-- Information provided --
━━━━━━━━━━━━━━━━

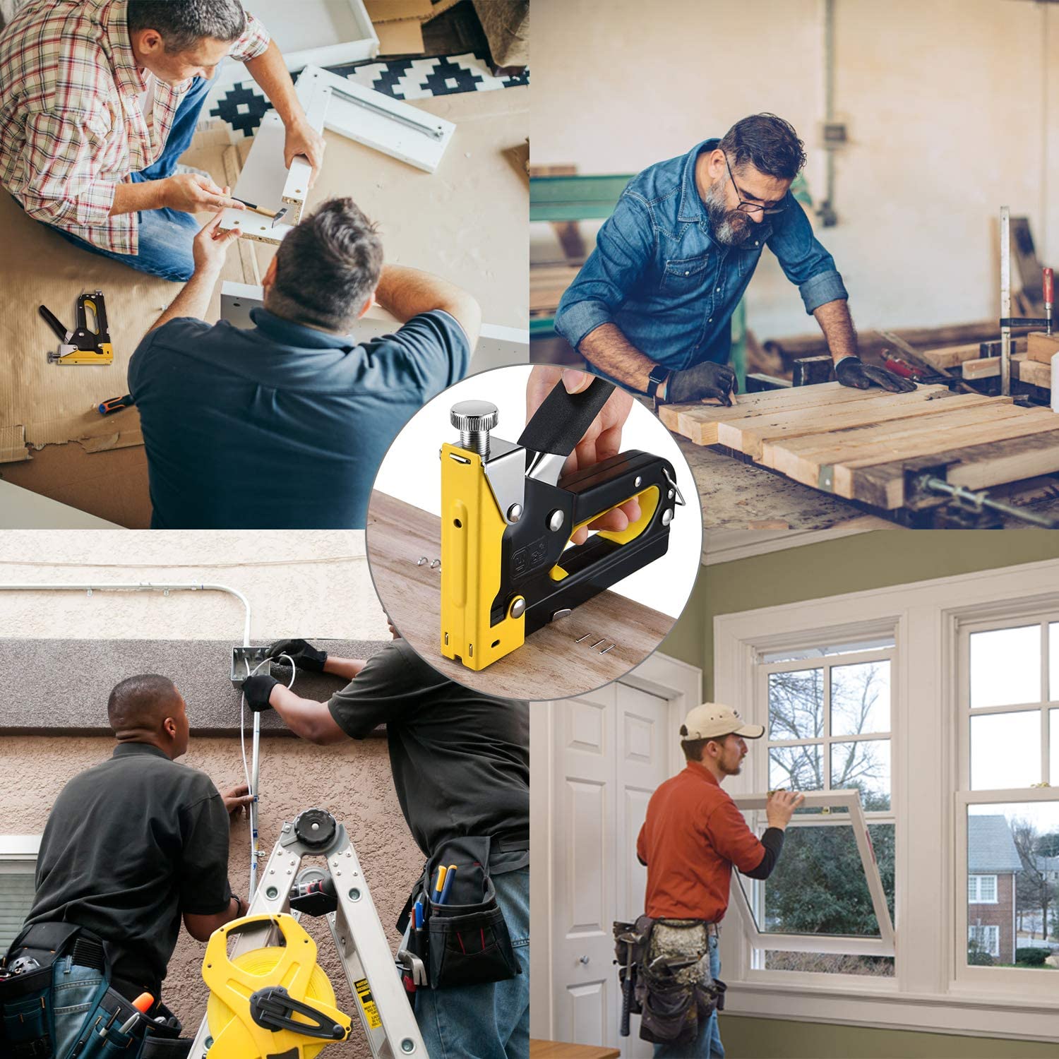 Kohree ガンタッカー 3in1 強力型 ハンドタッカー ステープルガン 高耐久、人間工学 3000本替針 リムーバー付き 木工用 装飾 家具 内装 固定 壁紙・革シート補修/木材裏止めに対応 日本語取扱説明書付き
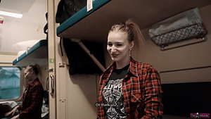Mitfahrgeile Schlampe bläst Zugfahrer und schluckt Sperma
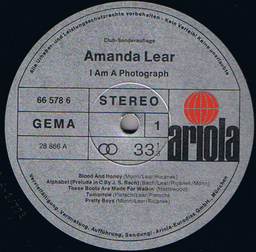 - Written-By – Amanda Lear (tracks: A1, A2, A4 to B5), Anthony Monn (tracks: A1, A2, A5, B1, B3, B4)
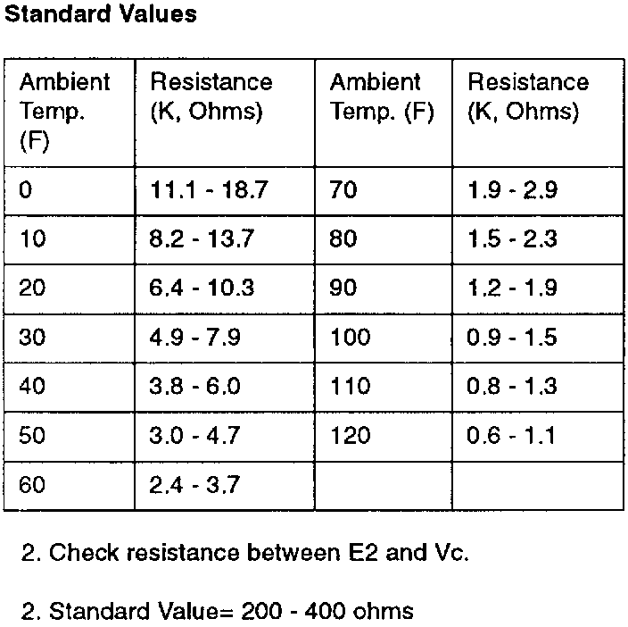 Refer to the illustration shown and the "Standard Values" table shown when measuring resistance.

━━━━━━━━━━━━━━━━

-- Exercise --
Every line from the one with "- Written-By –" through the last line of the listing above must be written out exactly, and no picture may appear.

-- Output for this task --
 - Written-By – Amanda Lear (tracks: A1, A2, A4 to B5), Anthony Monn (tracks: A1, A2, A5, B1, B3, B4)
 Refer to the illustration shown and the "Standard Values" table shown when measuring resistance.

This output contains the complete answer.